Keywords: biofilms; dental caries; hydrogen peroxide; intermicrobial interactions; oral biology.

Fig 1

A Strain of S. mitis inhibits S. mutans biofilm formation. (A) Representative image of a CV biofilm biomass assay where S. mutans is cocultured with different oral streptococci species (listed down right y-axis) in TYGS medium. S. mutans monoculture is shown at the top for reference. (B) CV quantification (Abs 575 nm) of the experiment shown in A. Data are expressed as the percentage of biomass formed in comparison to S. mutans monoculture (i.e., monoculture values set to 100%). B’ is same data on a smaller y-axis with S. cristatus and S. sobrinus coculture data removed. n = 6. (C) Merged representative maximum intensity 40× Z-projection of 24 h S. mutans monoculture biofilm (Mono). S. mutans constitutively expresses green fluorescent protein (GFP; green), eDNA was probed with labeled antibodies (yellow), and glucans were visualized with labeled dextran (red). Scale bar (100 µm) is shown in the bottom right corner. (D) Merged representative maximum intensity 40× Z-projection of 24 h S. mutans cocultured biofilm with S. mitis (+S. mitis). (E) Quantification of individual S. mutans microcolony volumes, (F) number of S. mutans microcolonies per field of view, (G) glucan biomass, and (H) eDNA biomass from the microscopy data shown in C and D. n = 4. Light gray bars represent S. mutans monoculture, and darker gray bars indicate coculture with S. mitis. Quantification was completed using Gen5 Image+ software. (I) S. mutans colony forming units (CFUs) returned from 24 h biofilms, with enumeration of cells in either biofilm (blue circles) or planktonic growth phase (green squares), grown with or without S. mitis. n = 4. (J) S. mitis CFUs returned. Data graphing and two-way analysis of variance with multiple comparisons or Student’s t-test were completed in GraphPad Prism software.

Fig 2

S. mutans is specifically inhibited by strain ATCC 49456. (A) CV quantification (Abs 575 nm) of biomass formed by various S. mutans isolates grown in monoculture (Mono) or in coculture with S. mitis (+ 49456). (B) Representative image of a CV biofilm biomass assay where S. mutans is cocultured with different strains of S. mitis (listed down right y-axis). (C) CV quantification (Abs 575 nm) of the experiment shown in B. Data are expressed as the percentage of biomass formed in comparison to S. mutans monoculture. Light gray bars represent S. mutans monoculture, and darker gray bars indicate coculture with S. mitis. (D) Merged representative maximum intensity 40× Z-projection of 24 h S. mutans cocultured biofilms with different strains of S. mitis (labeled in top right corner).
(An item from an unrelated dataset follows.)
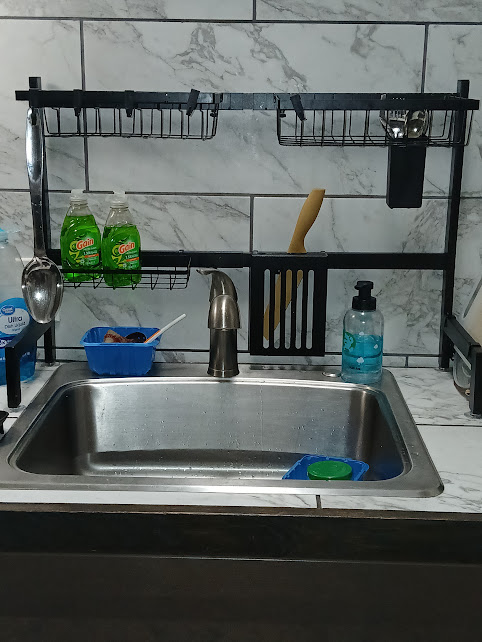 I am in LOVE with this new dish drainer! It holds everyhting in it’s place and drains right over the sink and looks nice in this kitchen as the apartment is a bit on the ‘loft’ looking side. I got it at Walmart online, it’s very popular on TEMU as well but way less expensive at Walmart online, almost half the price.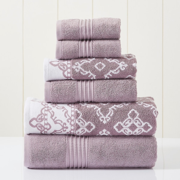 Modern Threads 6-Piece Yarn Dyed Jacquard/Solid towel set Charlize Orchid (Discontinued)

S. mutans constitutively expresses green fluorescent protein (GFP; green), eDNA was probed with labeled antibodies (yellow), glucans were visualized with labeled dextran (red), and a total cell strain was applied to visualize S. mitis within the biofilms (Hoechst 33342; blue). Scale bar (100 µm) is shown in the bottom right corner. Arrows denote examples of S. mutans microcolonies. (E) Quantification of individual S. mutans microcolony volumes, (F) biofilm thickness, (G) glucan biomass, and (H) eDNA biomass from the microscopy data shown in D. n = 4. Quantification was completed using Gen5 Image+ software. Data graphing and one-way analysis of variance with multiple comparisons were completed in GraphPad Prism software.

Fig 3

High levels of hydrogen peroxide produced by strain ATCC 49456 inhibit S. mutans in close proximity. (A) Quantification of hydrogen peroxide present in culture supernatants of different oral species. Values were normalized to culture density (OD_{600 nm}) prior to centrifugation and extraction of culture supernatants. S. mitis (ATCC 49456) is shown on the left. A’ is same data on a smaller y-axis with S. mitis data removed. n = 4. (B) Quantification of hydrogen peroxide present in culture supernatants of different S. mitis strains. (C) Representative image of a CV biofilm biomass assay where S. mutans is grown in fresh medium (above dashed line), or grown in extracted 24 h supernatants of various cultures (below dashed line, listed down right y-axis). (D) CV quantification (Abs 575 nm) of the experiment shown in C. Data are expressed as the percentage of biomass formed in comparison to S. mutans alone grown in fresh medium (Mono; i.e., monoculture values set to 100%). n = 8. Light gray bars represent S. mutans monoculture, and darker gray bars indicate coculture with S. mitis. (E) Representative image of a CV biofilm biomass assay where S. mutans is inoculated in the bottom of a Transwell, and various species are inoculated on top (listed down right y-axis). (F) CV quantification (Abs 575 nm) of the experiment shown in E. Data are expressed as the percentage of biomass formed in comparison to S. mutans alone grown in fresh medium (Mono; i.e., monoculture values set to 100%). n = 8. Data graphing and one-way analysis of variance with multiple comparisons were completed in GraphPad Prism software.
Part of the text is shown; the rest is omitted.